The study shows that a synthetic version of the growth factor MGF (called MGF‑C25E) helps tendon cells move into damaged areas in a lab dish, and it does this by turning on specific cell‑signaling pathways (FAK‑ERK1/2) that boost an enzyme (MMP‑2) that breaks down surrounding tissue so cells can migrate. The effect disappears when those pathways or the enzyme are blocked.

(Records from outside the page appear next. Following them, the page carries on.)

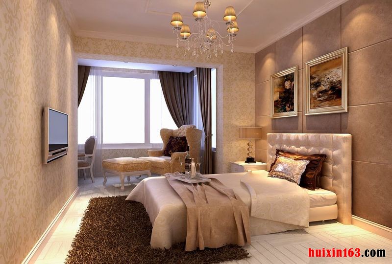 卧室整体装修风格以新古典的华丽优雅融合现代简约的时尚特性,让人感觉眼前一亮。以深色为作为空间的主体色调,再在空间中画龙点睛的缀入鲜亮色彩,优雅经典中也尽显时尚风采。新古典风格的融合,更显现出时尚优雅的风采。美满的居家空间是让居住在其中的每一个家庭成员皆能体会舒适与幸福,即便是家中的宠物小狗,亦能像其它家庭成员一样享有等同的居家感受。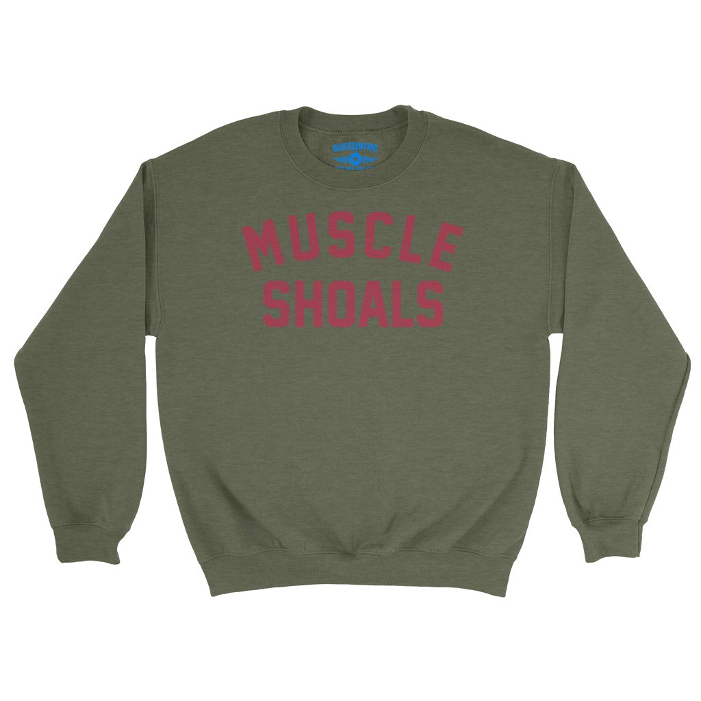 This music t-shirt reads "Muscle Shoals". Muscle Shoals, Alabama became a cornerstone of American music by blending Southern soul, blues, R&B, and rock into a sound that felt both raw and timeless. Through studios like FAME Studios and Muscle Shoals Sound Studio, local session players helped shape landmark recordings by artists ranging from Aretha Franklin to the Rolling Stones.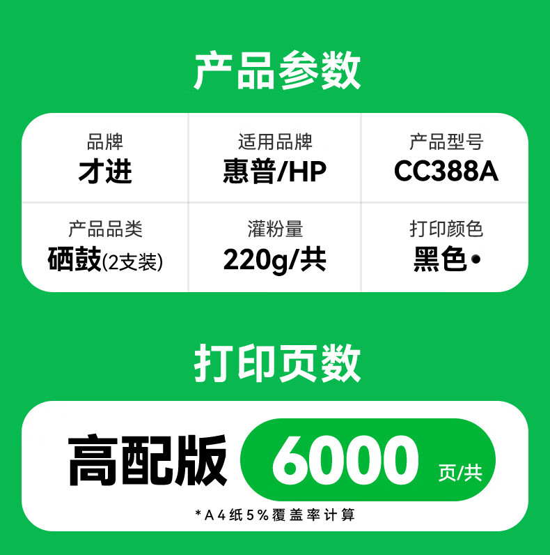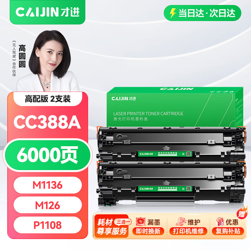 电脑、办公  > 办公耗材  > 硒鼓  >  才进  >  才进88a硒鼓适用惠普m1136硒鼓M126a/nw/snw plus打印机p1108 P1106 cc388a M128fn/fp/fw墨盒1007 1008 m1216nfh 高配版2支装-CC388A/支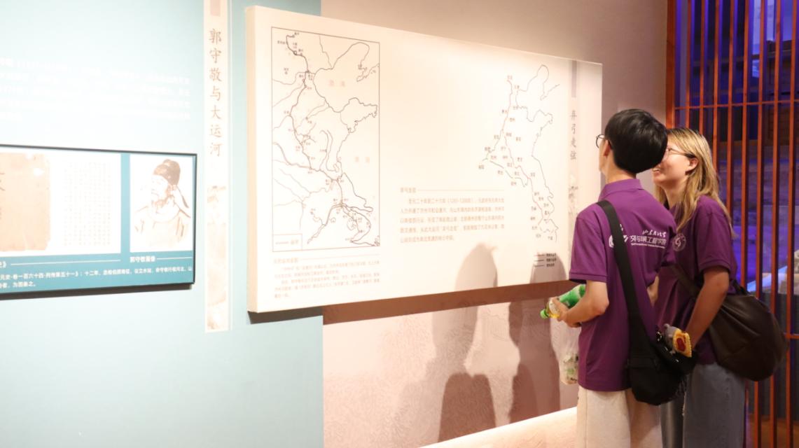 步入这座文化殿堂,实践团成员首先在序厅驻足,整体感知博物馆的叙事脉络与精神内核。随后,成员们分组徜徉于各个主题展厅,开启了一场穿越时空的自主研学之旅。展厅内,成员们凝神屏息,目光流连于那些历经沧桑的斑驳陶器、古朴渔具,它们无声诉说着湖区先民的智慧与生活图景;指尖轻抚泛黄的文献、珍贵的照片,字里行间与光影交错中,京杭大运河千年的帆影桨声、商贾云集的繁华盛景仿佛重现眼前;驻足于精心复原的渔家水街、革命场景前,独特的水乡风情与那段烽火连天岁月里军民同心、浴血奋战的壮烈史诗扑面而来。通过文物、史料与场景的立体交融,微山湖的自然造化之美、历史演进之迹以及其中蕴藏的坚韧、包容、抗争的人文精神,在成员们心中逐渐清晰、丰满。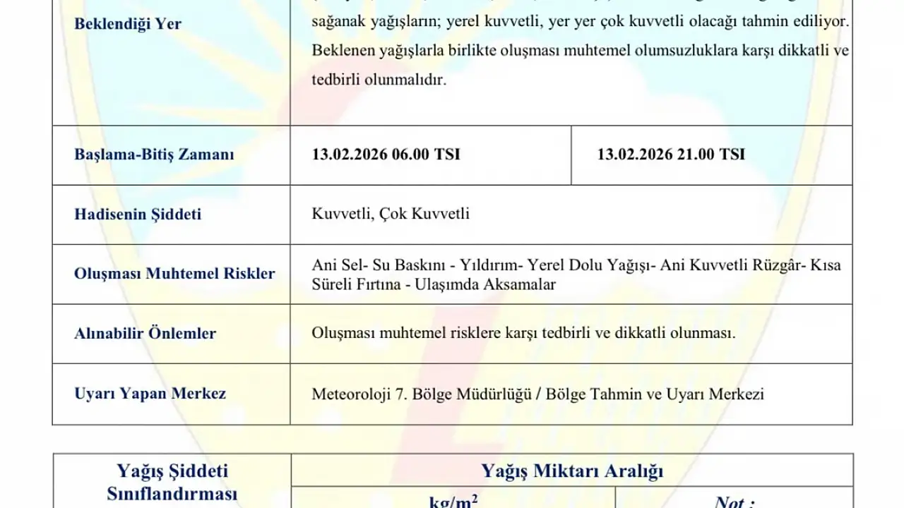 Yetkililer, riskli durumlarda özellikle dere yatakları ve su taşkını ihtimali olan bölgelerden uzak durulması gerektiğini belirtti.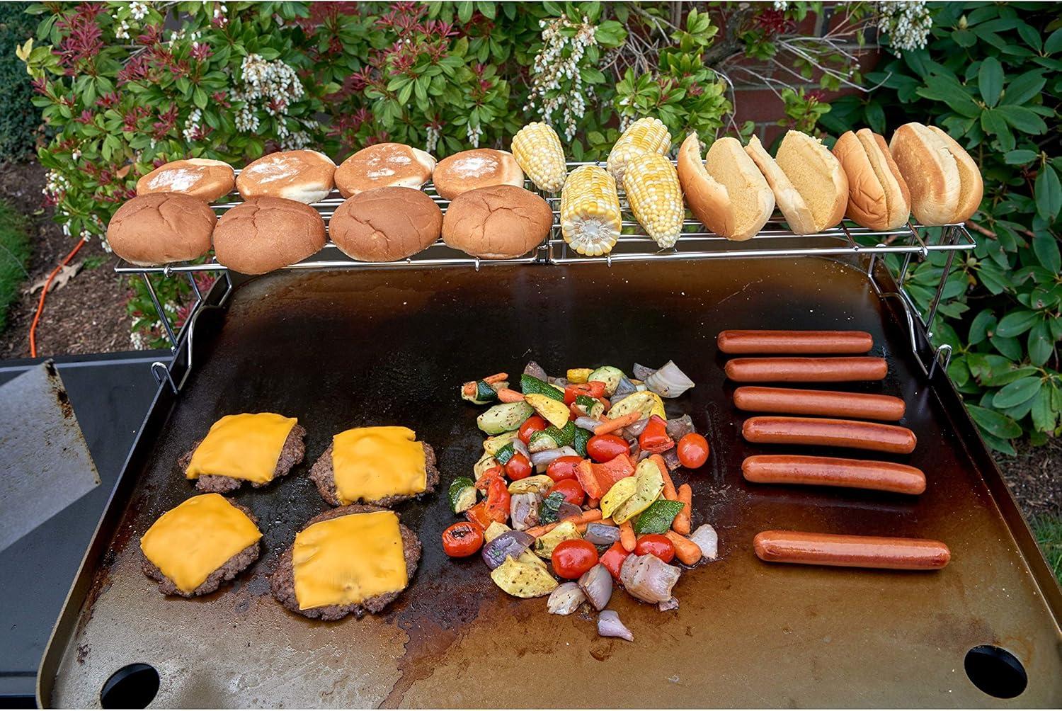 PERFECT HIEGHT: This Warming Rack is low enough to the griddle to keep food warm and high enough to allow food to still be cooked on the griddle underneath it.

Tendon regeneration and healing requires tenocytes to move to the repair site followed by proliferation and synthesis of the extracellular matrix. A novel synthetic growth factor, mechano-growth factor (MGF), has been discovered to have positive roles in tissue repair through the improvement of cell proliferation and migration and the protection of cells against injury-induced apoptosis. However, it remains unclear whether MGF has the potential to accelerate tendon repair. In this study, using a transwell system, we found that MGF-C25E (a synthetic mechano-growth factor E peptide) significantly promotes tenocyte invasion, which was accompanied by the increased phosphorylation of focal adhesion kinase (FAK) and extracellular signal regulated kinase1/2 (ERK1/2) as well as the increased activity of matrix metalloproteinases-2 (MMP-2). The MMP-2 inhibitor OA-Hy blocked MGF-C25E-promoted tenocyte invasion. Inhibitors of FAK or ERK1/2 blocked MGF-C25E-promoted tenocyte invasion and MMP-2 activity as well. These results indicate that MGF-C25E promotes tenocyte invasion by increasing MMP-2 activity via the FAK-ERK1/2 signaling pathway. Taken together, our findings provide the first evidence that MGF-C25E enhances tenocyte invasion and indicate that it may serve as a potential repair material for promoting the healing and regeneration of injured tendons.